Blue City Poets: Kansas City-- From the pulse of a starlit Mid-Town roof to the beat of a cicada-humming-July-blue-summer day; from memories of the rolling prairie to the squeaky wheel of the shopping cart on a blizzard-ready night on the Eastside, Kansas City is home to the blues in a dozen ways. Come sit for a spell with like memories, or visit for the first time. These words of Kansas City poets will draw you in with a longing that is as real as it is enjoyable until you agree, 'there is no place like home.' Illustrated with lush, buoyant paintings by Michael B Savage, SAV art gallery. Works by Malcolm Byers, Kēvin Paul Callahan, William Edward Dozier, Melissa Goodnight, Jamie Lynn Heller, Mary-Lane Kamberg, C.M. Millen, Frances A. Rove, Mary Silwance, T.L. Sanders, Taylor Ware
POLLY ALICE MCCANN’s lyrical poetry paints a picture of the narratives of the internal heartland. That’s not surprising since she is also an artist. Her art and poetry have been published in US newspapers and magazines most recently in Rattle magazine. A professor of English, she is also the founder and manager of FLYING KETCHUP PRESS. She credits much of her creative work due to her research on dreams which won her the 2014 Ernest Hartmann award from Berkeley, CA. Find her first three poetry collections, Kinlight, Tea with Alice, and Puss ‘N Boötes online. Polly Alice has also edited two collections of short stories and two poetry anthologies. The most recent, “The Very Edge” is a collection of 37 international artists and poets. With her MFA in Writing from Hamline University in St. Paul, with an emphasis in poetry and short fiction, her poetry has published internationally in journals such as Naugatuck River, and arc24 in Tel Aviv and elsewhere. She says her favorite thing is to tell stories-- other people's, her own-- maybe yours.

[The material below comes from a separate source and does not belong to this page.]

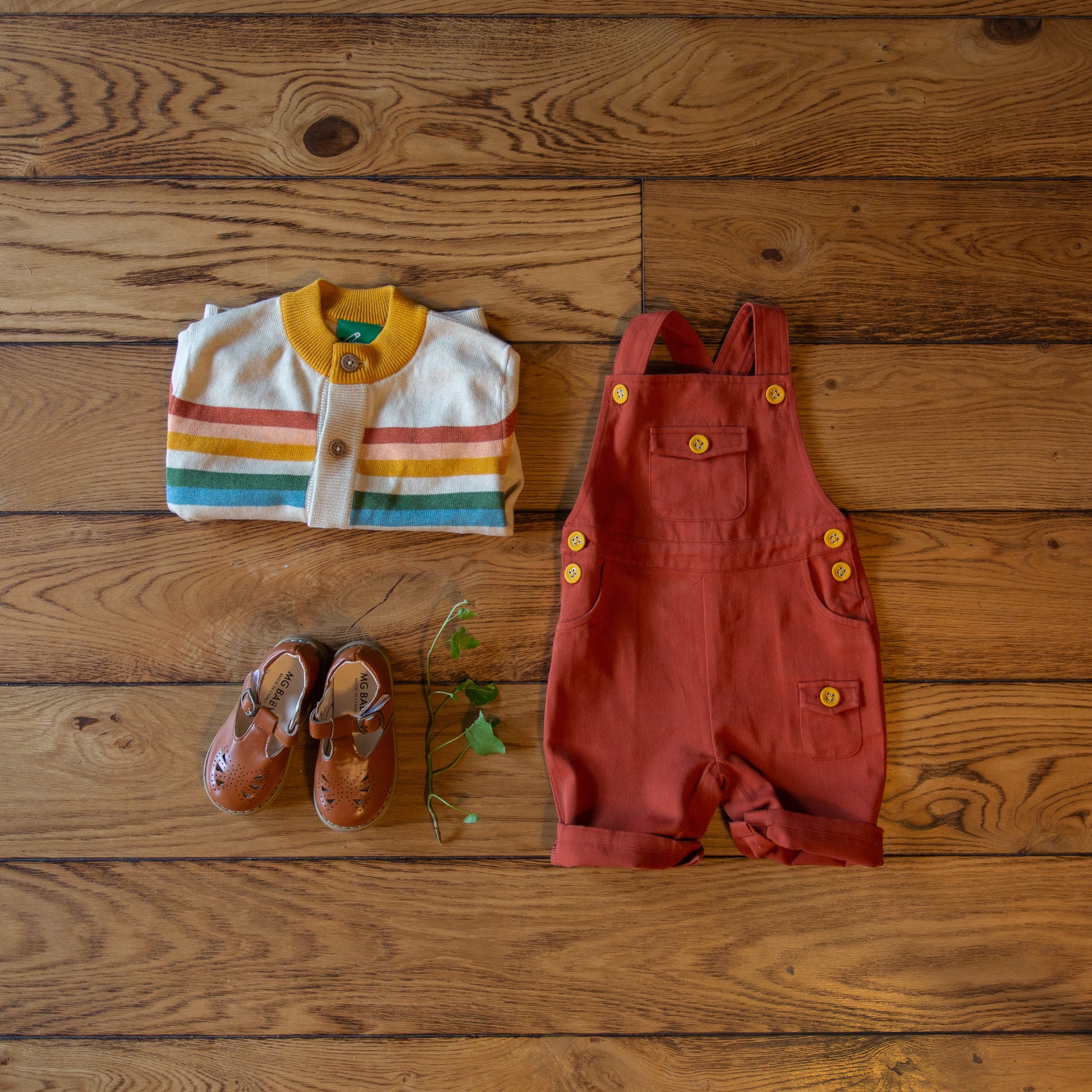 More about our Walnut Pocket Dungaree Shorts Time for adventure! These summery dungaree shorts are made from robust twill fabric, perfect for little explorers. Layer with a soft, organic top on cooler…

In her first book of poetry, Kinlight, she uses narrative free verse to explore the measures taken as a woman to find a place to become visible: 'I will not forget,' she writes. 'I am woman, all things began in me.' Ghosts and vapors, flour and light, her first collection remain subtle in color, but dives into bone and marrow of women in today's America.